Archives of Planetary Imaging Data
Imaging data is available on the Internet for most NASA planetary missions that have been flown since the early 1970s through the Planetary Data System, or PDS. The PDS is actually a distributed system, with a Central Node and sub-nodes located at various institutions around the country. The Central Node of the PDS is located at the Jet Propulsion Laboratory in Pasadena, California. The PDS sub-nodes are organized by scientific discipline: Planetary Rings, Atmospheres, Geosciences, Planetary Plasma Interactions, Imaging, Small Bodies, Navigation, Radio Science, and Engineering. NASA planetary missions are required to deliver data to the PDS within a time period that varies from mission to mission but is usually six months to a year.
Of these, the Imaging Node, based at JPL, has the largest collection, as well as a good search tool. The Planetary Rings node, hosted by the SETI Institute, has a smaller collection, but the best search tool. Small Bodies, hosted by the University of Maryland, provides only limited search capability, but, uniquely, provides zipped archives (so that you can download an entire data set at once, if you wish).

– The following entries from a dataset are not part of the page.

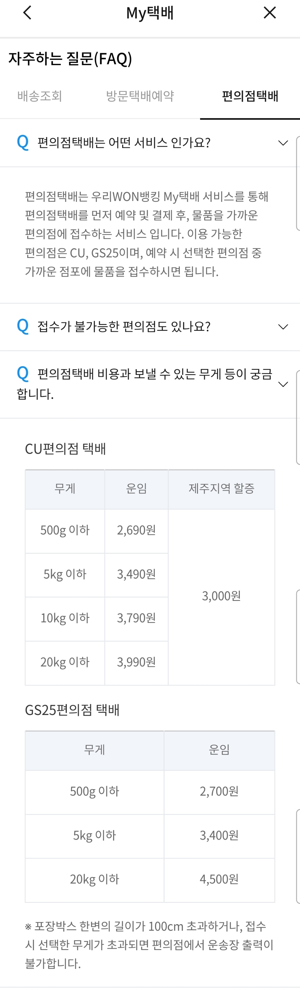 편의점택배는 CU, GS25의 무인택배 포스트박스(postbox)로 접수가능한 것.1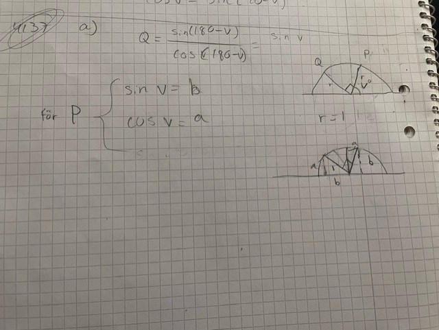 man kan även lösa den för linjerna p till origo och Q till origo är vinkelräta mot varann så b/a *x=-1 så då är Q=a/(-b). Men undrar fortfarande om man kan ta fram svaret med sin v och cos v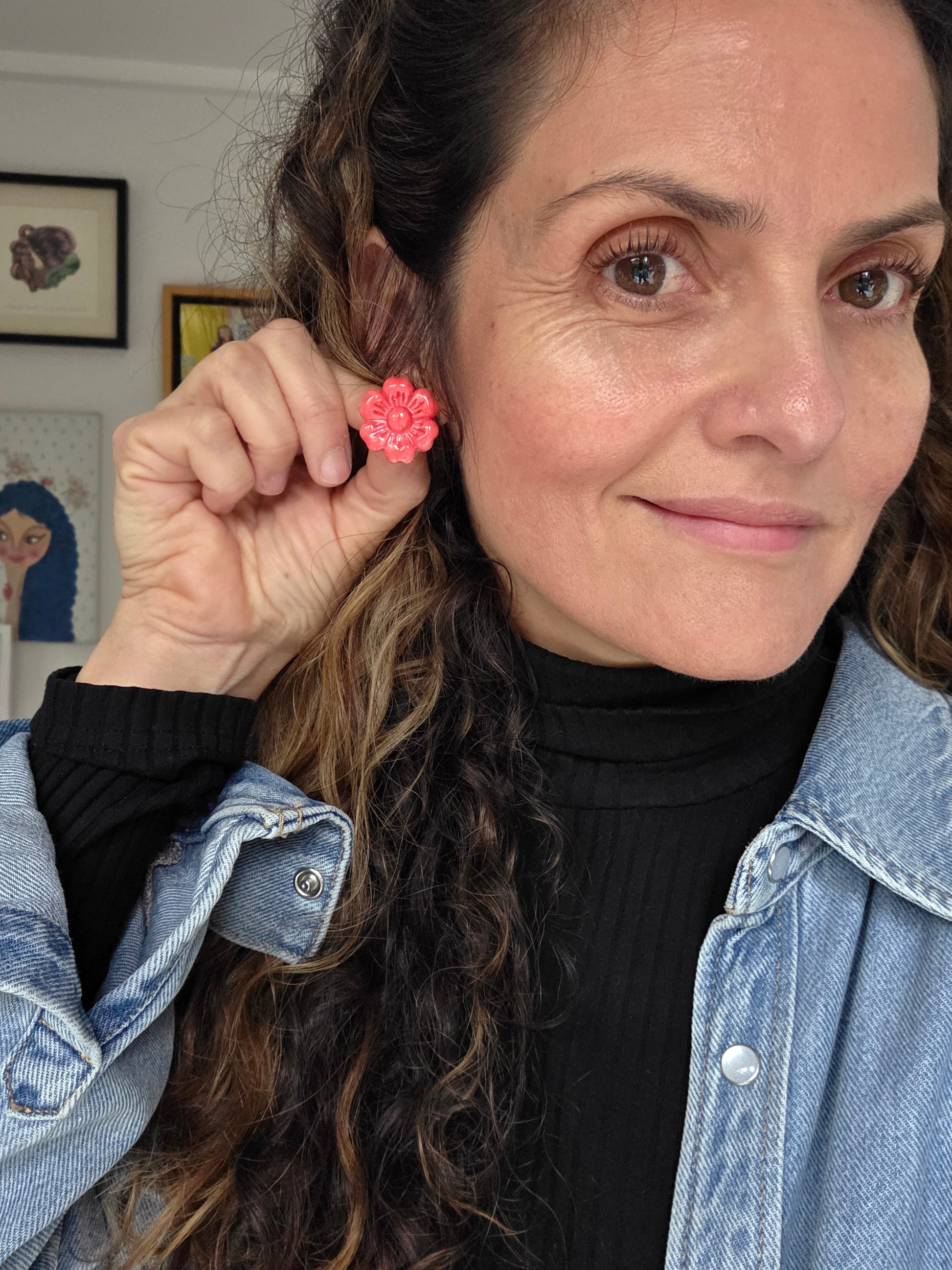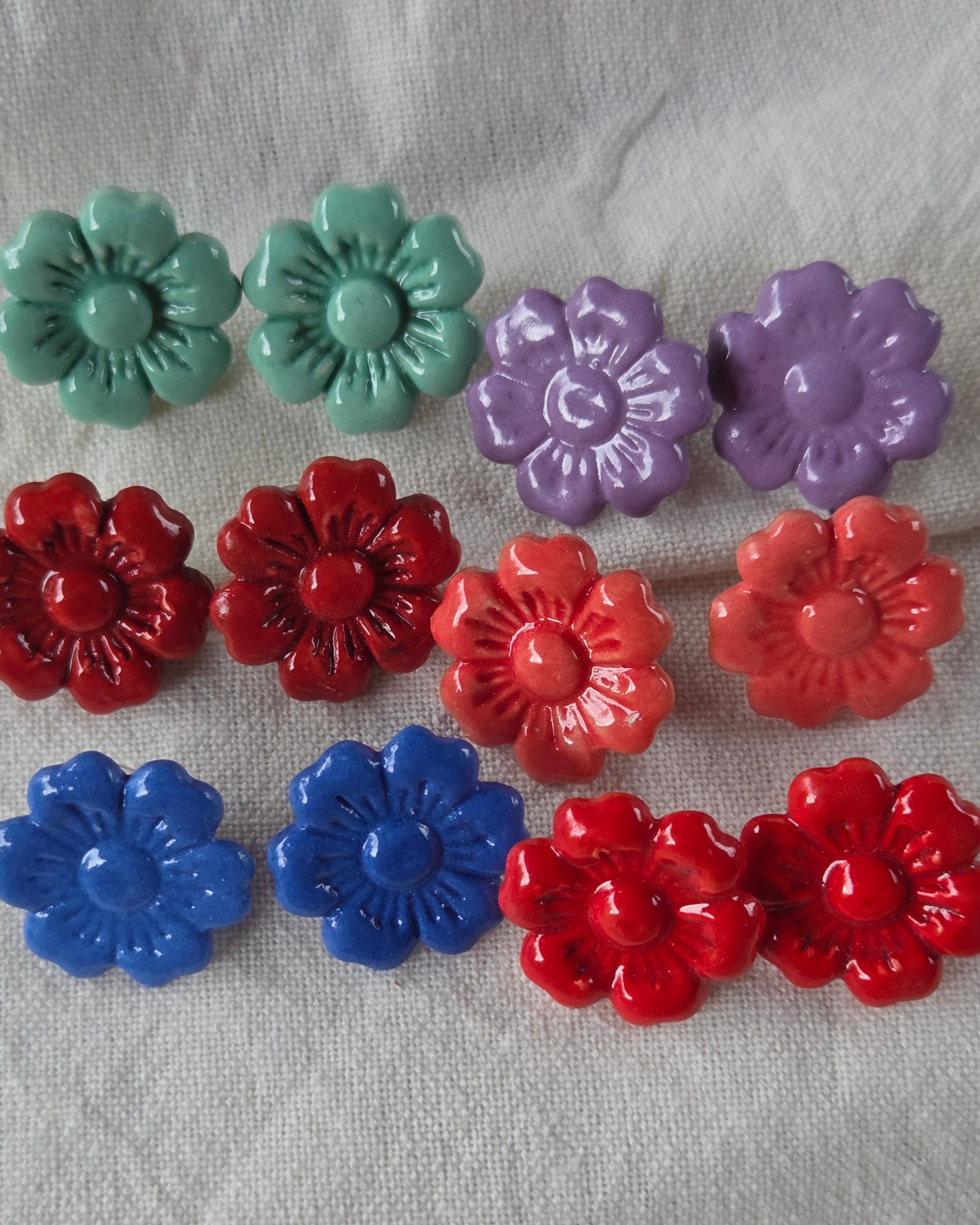 Delicados aros hechos a mano en cerámica esmaltada y palito de acero quirúrgico.

The National Space Science Data Center (NSSDC) is another NASA archival storage center for data obtained from NASA space missions, located at the Goddard Space Flight Center in Greenbelt, Maryland. The NSSDC serves as NASA's central data repository for all NASA missions. The NSSDC archives contain data products provided to them by the PDS and data products from missions not supported by the PDS. The NSSDC does not support discipline nodes analogous to the PDS structure. Planetary image data is available for purchase on CD-ROM; it is mostly not available online. However, the NSSDC provides detailed background information on missions and instruments (including non-NASA missions) useful to interpreting the data. To find this background information, follow each mission's link to "Experiment Information" and "Data Set Information."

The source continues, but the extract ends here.